C. W. Nicol

Clive Williams Nicol, MBE (born July 17, 1940) is a Welsh writer and actor and a long-time resident and citizen of Japan.[1]

Biography

C.W. Nicol was born in Neath, Wales, and from a young age expressed an interest in wildlife and the environment.

In 1958 he visited the Arctic Circle to research Eider Duck for McGill University, taking up Canadian citizenship. By the early 1960s he was studying karate at JKA, and soon thereafter began to study Japanese at Nihon University.

He then spent two years (1967 to 1969) as a game warden in Ethiopia, setting up the new Semien Mountains National Park for the Ethiopian Government. He returned to Japan, writing a book about his Ethiopian experiences: From the Roof of Africa (1971, ISBN 0-340-14755-5).

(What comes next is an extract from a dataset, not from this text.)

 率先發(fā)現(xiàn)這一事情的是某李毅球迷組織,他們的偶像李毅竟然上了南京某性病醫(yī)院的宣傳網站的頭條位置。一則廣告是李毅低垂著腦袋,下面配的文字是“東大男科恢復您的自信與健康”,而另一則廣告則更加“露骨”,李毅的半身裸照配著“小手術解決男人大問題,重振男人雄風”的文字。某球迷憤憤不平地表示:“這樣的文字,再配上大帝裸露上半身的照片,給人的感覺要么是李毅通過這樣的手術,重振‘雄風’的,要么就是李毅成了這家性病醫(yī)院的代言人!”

Since taking up residence in Japan he has written many books and other literary works. In 1980 he won the Japan Broadcasting Writer's Award for a television drama written in Japanese. He continued to be an active environmentalist, and to this day he travels in Japan and elsewhere giving talks and lectures about the environment, addressing issues such as deforestation and the preservation of natural environments. He is particularly interested in restoring Japan's vast woodlands, and due to these and other endeavours he is well known in Japan.

He now holds Japanese citizenship, which he wrote about in the book Boku ga Nihonjin ni natta riyū ("Why I became Japanese") and he owns a plot of forest land in Japan where he lives.

He has written both fiction and non-fiction in Japanese, including books about whaling (for which he went on a trip on a whaling vessel), books about the environment, and also children's fiction. In 2005, he was awarded an MBE.